Handyside is also the Professional Association of Self-Caterers (PASC UK), the largest association representing the professional holiday lets sector in the UK.
He told the Daily Express: “[It will] damage the visitor economies massively. So we do genuinely believe that this puts the great British holiday at threat … It’s not just going to affect us is what we’re saying.
“Governments have never figured out … how to regenerate rural and coastal economies. So for goodness sake, don’t damage them with a misguided way to deal with housing stock, or whatever their motivation is.
“Most of these properties would never be in housing stock; they’re dedicated holiday cottages.
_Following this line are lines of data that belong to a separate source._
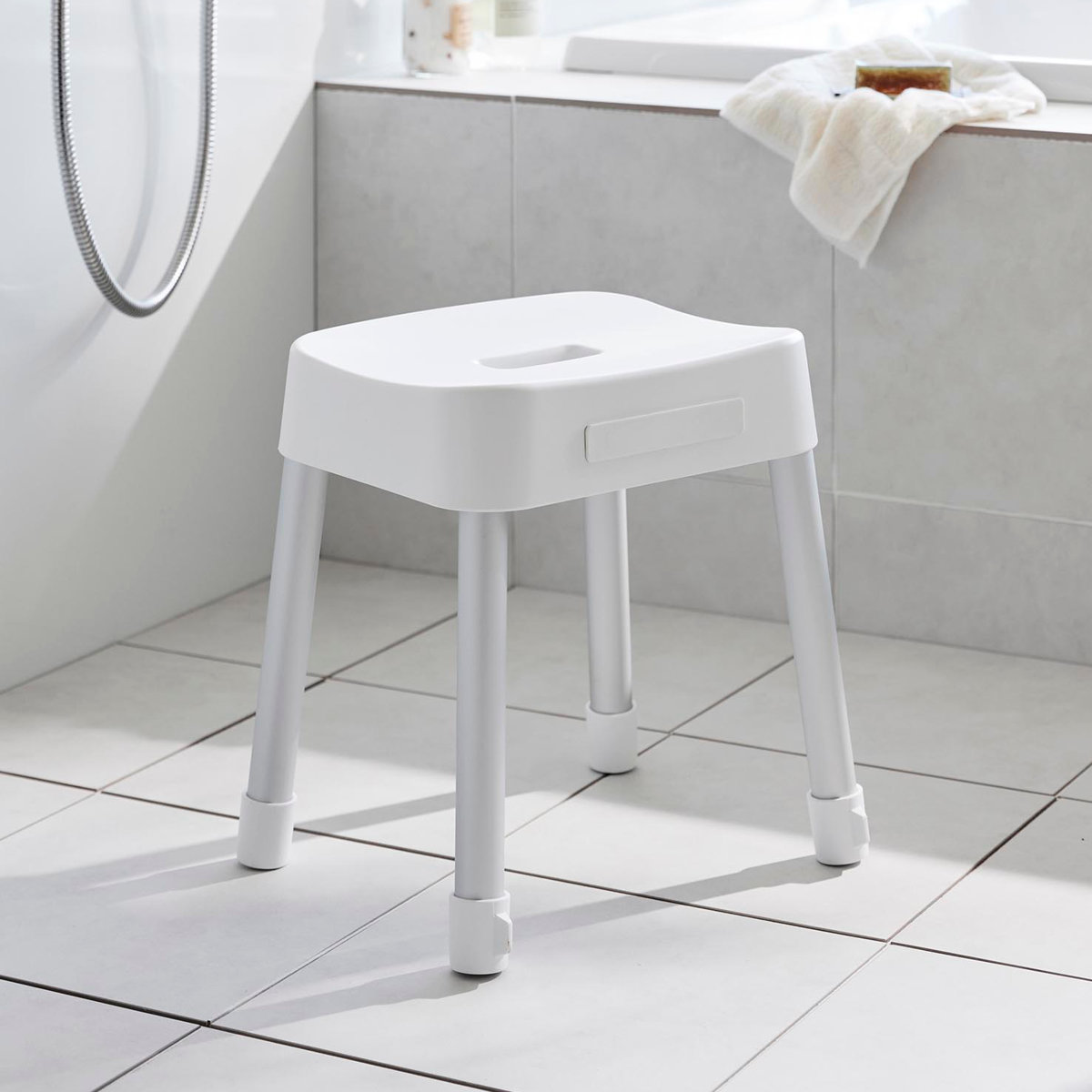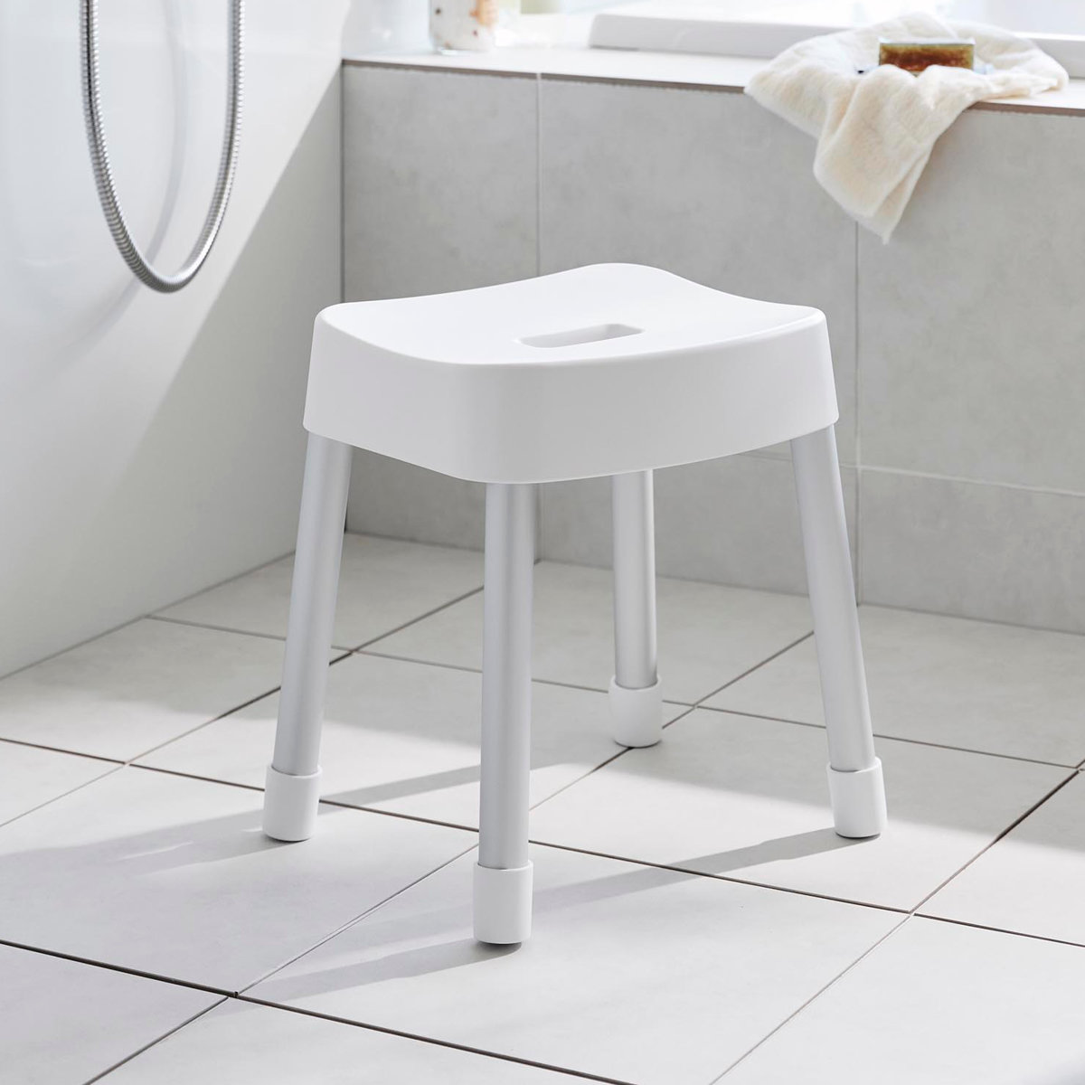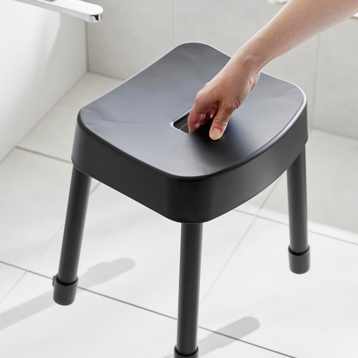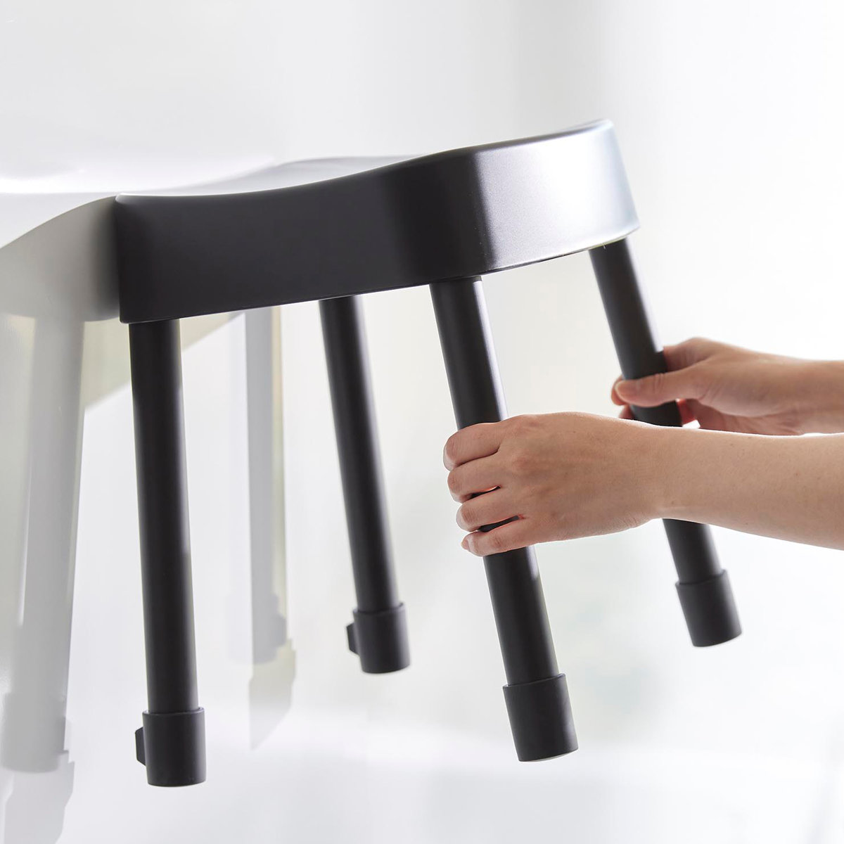 座面高40cmのハイタイプで、立ち座りがしやすく身体への負担を軽減します。アルミ製の丈夫な脚はシンプルなデザインで、通気性がよく乾きやすいです。脚の裏にはキズ防止の滑り止めが付いています。
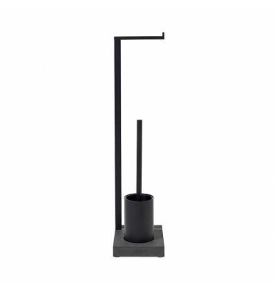 BLOMUS Комплект стойка за тоалетна хартия и четка за тоалетна MENOTO • Цвят: черен• Височина: 64,5 см • Размер: 15 х 20 см • Материал: прахово боядисана неръждаема стомана, пластмаса, основа - черен технически камък • Производител: BLOMUS, Германия DESIGN: Flöz Design
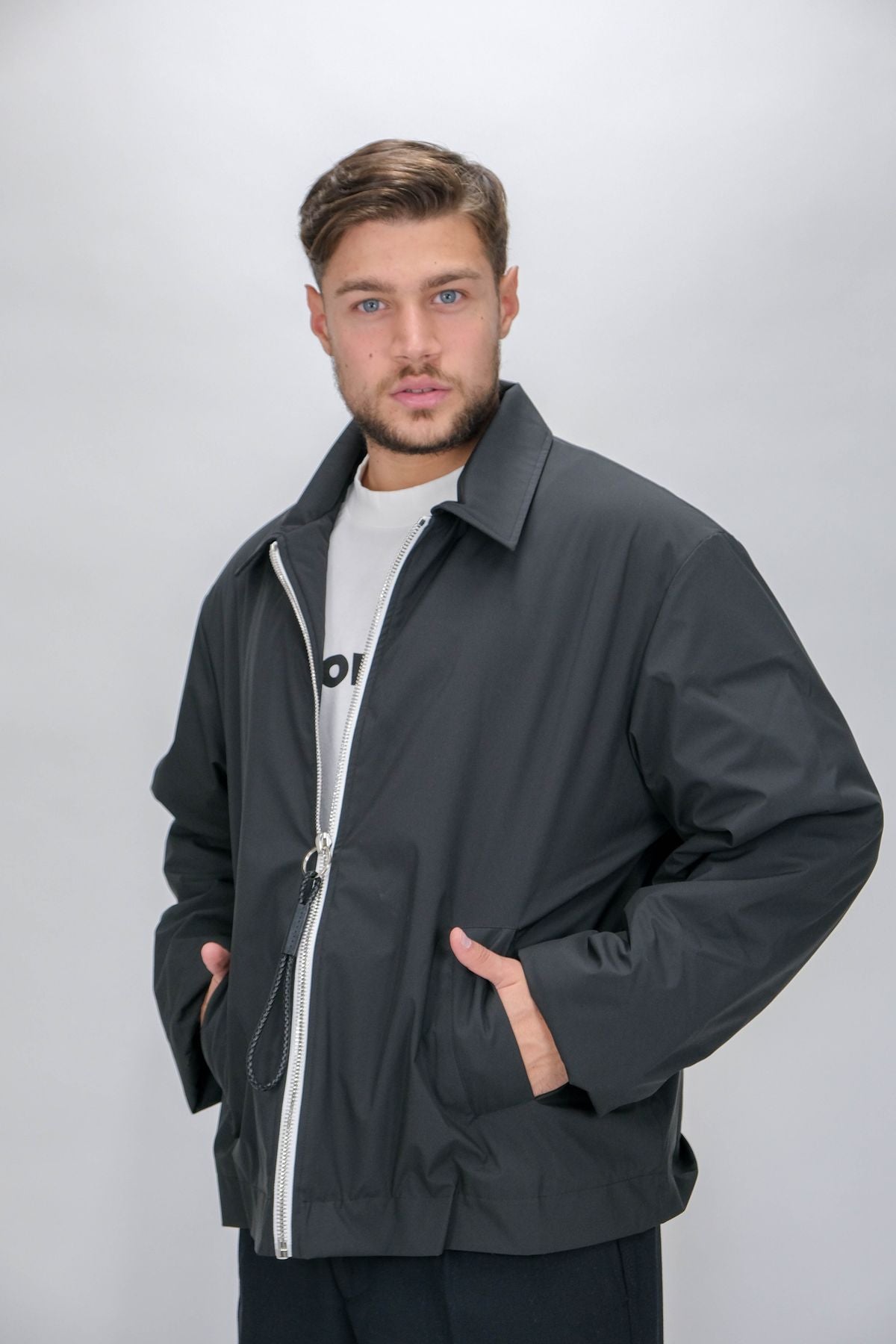-Chiusura frontale con zip con anello e laccio a contrasto colore

It will damage the great British holiday if it goes through.”
Handyside also criticised the government’s short notice and lack of concessions in the wake of the possible alterations to a 40-year-long tax allowances scheme.
The FHL tax treatments were introduced in 1984 and Labour wants to scrap them to “promote fairness by removing the tax advantages that furnished holiday let landlords have over other residential property landlords”.
The new tax regime will come into effect on or after 6 April 2025 for Income Tax and for Capital Gains Tax, and from 1 April 2025 for Corporation Tax and for Corporation Tax on chargeable gains.
Handyside said: “When the government describes it as a tax loophole, 40 years as a formal tax regime is not a tax loophole … We’re not landlords, we’re hosts, and you’re trying to treat us like landlords. We have guests, not tenants.”
Together with PASC UK, Handyside is pushing for the government to pause the abolition of the FHL tax allowances in order to give property owners more time to prepare for the transition.